Australian Prime Minister Julia Gillard — installed yesterday through a series of unprecedented manoeuvres by a cabal of right-wing factional apparatchiks and trade union bureaucrats — has been issued with a clear set of instructions by the corporate and media interests that orchestrated her predecessor Kevin Rudd’s ousting. She is preparing to carry them out by substantially revising, if not shelving, the Labor government’s proposed 40 percent Resource Super Profits Tax (RSPT) on the mining industry, returning the budget to surplus by slashing public spending, and quickly moving to implement a series of far reaching “free market” economic reforms.
Press coverage of the Gillard coup abounds with mafia-like metaphors describing Rudd’s downfall. They are entirely apt. The conspiracy in Canberra over the last 24-hours amounted to a political contract killing. Labor’s factional chiefs — acting without the knowledge, let alone input, of the majority of caucus members, who are nominally responsible for electing the party leader — switched prime ministers at the direct behest of specific business and media interests.
Chief among these was the mining industry. A Sydney Morning Herald article today, headlined “Tycoons claim credit for a burial”, noted: “Mining tycoons have claimed much of the credit for Kevin Rudd’s downfall, saying the industry-led opposition to the resources tax was the main reason for the leadership coup.”

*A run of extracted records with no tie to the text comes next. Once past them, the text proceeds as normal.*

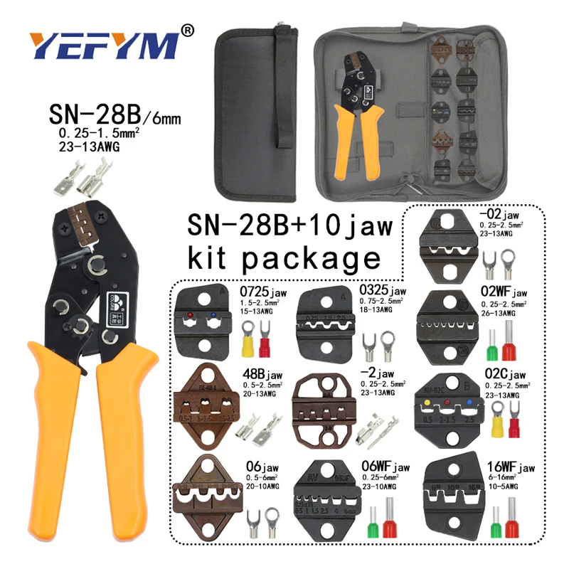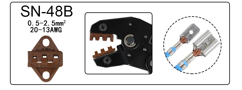 Обжимные клещи для TAB 2,8, 4,8, 6,3, C3, XH2.54, 3,96, 2510, трубчатые, неизоляционные клеммы, SN-48B, 10 зажимов, набор электрических зажимов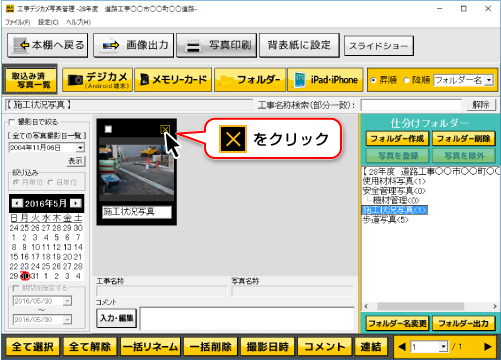 確認画面が表示されますので、はいボタンをクリックしますと、写真が削除されます。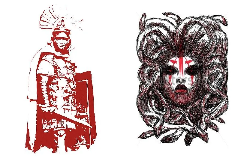 "The great centurion Perseus, son of a god, was charged with the mission of retrieving the nasty head of the hypnotic snake-woman Medusa. Medusa could turn men into stone with her poisonous gaze, and Perseus knew he'd have to use a reflection-trick using his shiny shield to guard his eyes while luring Medusa towards him so he could decapitate her with his bold sword. Perseus would then use the decapitated head to turn a giant beast into stone, simply by turning the glowing eyes of Medusa's head towards the head of the beast. Perseus was therefore very conscious of the importance of tricking and defeating the iconic warrior-siren woman Medusa. Medusa was indescribably beautiful but her head had hairlocks and mane comprised entirely of snakes."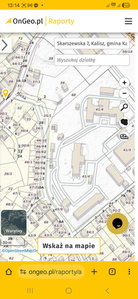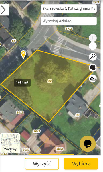 Na sprzedaż działka budowlana o powierzchni 1684 m², położona w Kaliszu przy ul. Skarszewskiej 7, naprzeciwko Szpitala Matki i Dziecka (ul. Toruńska).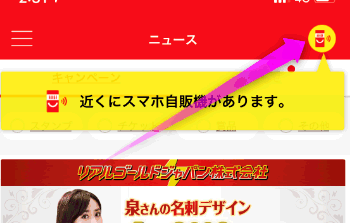 対応している自動販売機が近くにあると、アプリの上のほうに「近くにスマホ自販機があります」と表示されます。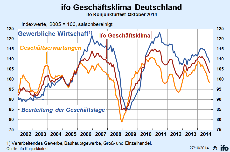 Die Stimmung in der deutschen Wirtschaft hat sich eingetrübt. Laut Informationen der Agentur "dpa" ist der Geschäftsklimaindex im Oktober von 104,7 auf 103,2 Punkte und somit den sechsten Monat in Folge gesunken. Das ist der tiefste Stand seit Dezember 2012.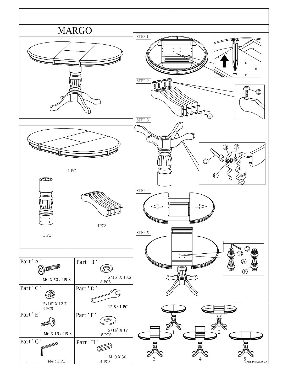 Esta mesa comedor redonda 90 extensible tiene las siguientes medidas totales: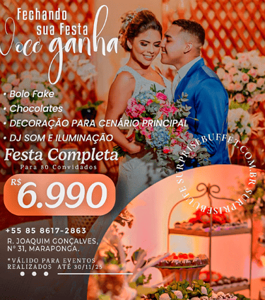 Continuar realizando sonhos com excelência, superando a marca de 600 eventos e consolidando o Buffet Surpresa como o espaço preferido para festas de 15 anos, casamentos, aniversários e confraternizações.

The mining companies’ two-month long campaign against the tax—which included expensive television, radio, newspaper, and billboard advertising—exploited fears among ordinary people over the prospect of severe economic downturn and higher unemployment. Moreover, Rudd’s decision to use the RSPT revenue to lower the corporate tax rate and bolster other sections of business, rather than spend a cent on social services, meant that his attempt at populist posturing fell flat. The mining giants’ successful campaign against Rudd comes after they helped instigate the removal of Malcolm Turnbull as opposition leader in December, because of his support for an Emissions Trading Scheme, underscoring the resource sector’s considerable weight within the Australian ruling elite.